SOURCE MATERIAL:
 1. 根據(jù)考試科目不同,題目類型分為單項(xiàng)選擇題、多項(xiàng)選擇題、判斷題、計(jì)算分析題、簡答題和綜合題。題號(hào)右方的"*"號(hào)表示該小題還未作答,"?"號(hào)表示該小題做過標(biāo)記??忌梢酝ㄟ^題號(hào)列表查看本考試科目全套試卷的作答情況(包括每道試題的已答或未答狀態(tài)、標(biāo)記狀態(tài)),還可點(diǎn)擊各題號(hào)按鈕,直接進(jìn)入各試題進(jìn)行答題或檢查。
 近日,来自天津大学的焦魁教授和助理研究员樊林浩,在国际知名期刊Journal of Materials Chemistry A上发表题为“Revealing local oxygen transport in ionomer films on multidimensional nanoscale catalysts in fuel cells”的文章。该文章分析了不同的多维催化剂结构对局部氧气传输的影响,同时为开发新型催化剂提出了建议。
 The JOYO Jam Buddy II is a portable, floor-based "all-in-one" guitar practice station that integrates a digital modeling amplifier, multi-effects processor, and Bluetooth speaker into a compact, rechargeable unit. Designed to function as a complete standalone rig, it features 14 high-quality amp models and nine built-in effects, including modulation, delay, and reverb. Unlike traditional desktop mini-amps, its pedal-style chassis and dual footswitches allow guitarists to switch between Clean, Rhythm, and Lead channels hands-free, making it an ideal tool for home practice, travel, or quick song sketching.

* * *

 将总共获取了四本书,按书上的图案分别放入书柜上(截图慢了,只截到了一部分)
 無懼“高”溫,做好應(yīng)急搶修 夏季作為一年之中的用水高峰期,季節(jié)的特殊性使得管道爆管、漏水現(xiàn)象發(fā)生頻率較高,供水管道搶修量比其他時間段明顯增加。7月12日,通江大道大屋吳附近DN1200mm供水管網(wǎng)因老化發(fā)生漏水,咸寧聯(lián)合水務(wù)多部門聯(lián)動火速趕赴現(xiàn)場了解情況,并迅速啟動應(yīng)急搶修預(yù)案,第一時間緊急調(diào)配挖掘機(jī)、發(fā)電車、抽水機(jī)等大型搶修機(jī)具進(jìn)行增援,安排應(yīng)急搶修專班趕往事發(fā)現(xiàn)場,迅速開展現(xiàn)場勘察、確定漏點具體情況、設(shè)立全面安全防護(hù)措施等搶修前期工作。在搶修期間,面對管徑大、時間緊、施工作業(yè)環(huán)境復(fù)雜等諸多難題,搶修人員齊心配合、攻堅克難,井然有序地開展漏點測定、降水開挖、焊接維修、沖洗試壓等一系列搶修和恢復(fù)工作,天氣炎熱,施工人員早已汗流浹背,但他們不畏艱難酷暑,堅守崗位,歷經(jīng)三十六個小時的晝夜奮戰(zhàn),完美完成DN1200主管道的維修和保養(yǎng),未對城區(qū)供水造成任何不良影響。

==

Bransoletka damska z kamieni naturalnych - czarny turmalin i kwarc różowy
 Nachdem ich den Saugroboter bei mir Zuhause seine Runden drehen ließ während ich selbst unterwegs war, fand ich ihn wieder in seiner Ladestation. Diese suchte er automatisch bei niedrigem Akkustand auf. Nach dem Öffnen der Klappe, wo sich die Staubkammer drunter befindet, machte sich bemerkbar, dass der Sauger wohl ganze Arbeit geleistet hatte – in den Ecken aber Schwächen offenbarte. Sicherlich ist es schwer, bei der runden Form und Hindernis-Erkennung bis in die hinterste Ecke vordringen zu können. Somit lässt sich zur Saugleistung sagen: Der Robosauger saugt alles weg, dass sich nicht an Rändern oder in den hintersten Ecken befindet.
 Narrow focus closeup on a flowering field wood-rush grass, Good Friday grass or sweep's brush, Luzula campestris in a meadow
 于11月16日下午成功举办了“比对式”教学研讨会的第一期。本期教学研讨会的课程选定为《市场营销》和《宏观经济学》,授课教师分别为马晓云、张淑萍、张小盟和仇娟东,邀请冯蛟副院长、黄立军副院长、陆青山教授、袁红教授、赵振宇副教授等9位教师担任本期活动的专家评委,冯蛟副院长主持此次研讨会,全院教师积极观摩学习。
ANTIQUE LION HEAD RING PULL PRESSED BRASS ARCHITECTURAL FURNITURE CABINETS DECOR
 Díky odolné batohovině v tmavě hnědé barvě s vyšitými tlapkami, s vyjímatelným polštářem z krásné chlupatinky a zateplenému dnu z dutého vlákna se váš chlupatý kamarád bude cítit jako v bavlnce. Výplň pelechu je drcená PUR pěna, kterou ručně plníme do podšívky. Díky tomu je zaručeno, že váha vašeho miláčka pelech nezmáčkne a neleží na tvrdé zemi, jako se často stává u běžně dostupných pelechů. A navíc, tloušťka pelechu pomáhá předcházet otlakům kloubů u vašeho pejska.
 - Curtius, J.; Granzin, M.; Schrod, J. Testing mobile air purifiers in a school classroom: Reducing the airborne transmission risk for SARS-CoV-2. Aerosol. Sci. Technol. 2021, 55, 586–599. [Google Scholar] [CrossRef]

WHAT NEEDS TO BE DONE:
In the listing above, transcribe exactly everything from the line containing "1. 根據(jù)考試科目不" down to the line containing "The JOYO Jam", including both and nothing more.

YOUR SOLUTION:
 1. 根據(jù)考試科目不同,題目類型分為單項(xiàng)選擇題、多項(xiàng)選擇題、判斷題、計(jì)算分析題、簡答題和綜合題。題號(hào)右方的"*"號(hào)表示該小題還未作答,"?"號(hào)表示該小題做過標(biāo)記??忌梢酝ㄟ^題號(hào)列表查看本考試科目全套試卷的作答情況(包括每道試題的已答或未答狀態(tài)、標(biāo)記狀態(tài)),還可點(diǎn)擊各題號(hào)按鈕,直接進(jìn)入各試題進(jìn)行答題或檢查。
 近日,来自天津大学的焦魁教授和助理研究员樊林浩,在国际知名期刊Journal of Materials Chemistry A上发表题为“Revealing local oxygen transport in ionomer films on multidimensional nanoscale catalysts in fuel cells”的文章。该文章分析了不同的多维催化剂结构对局部氧气传输的影响,同时为开发新型催化剂提出了建议。
 The JOYO Jam Buddy II is a portable, floor-based "all-in-one" guitar practice station that integrates a digital modeling amplifier, multi-effects processor, and Bluetooth speaker into a compact, rechargeable unit. Designed to function as a complete standalone rig, it features 14 high-quality amp models and nine built-in effects, including modulation, delay, and reverb. Unlike traditional desktop mini-amps, its pedal-style chassis and dual footswitches allow guitarists to switch between Clean, Rhythm, and Lead channels hands-free, making it an ideal tool for home practice, travel, or quick song sketching.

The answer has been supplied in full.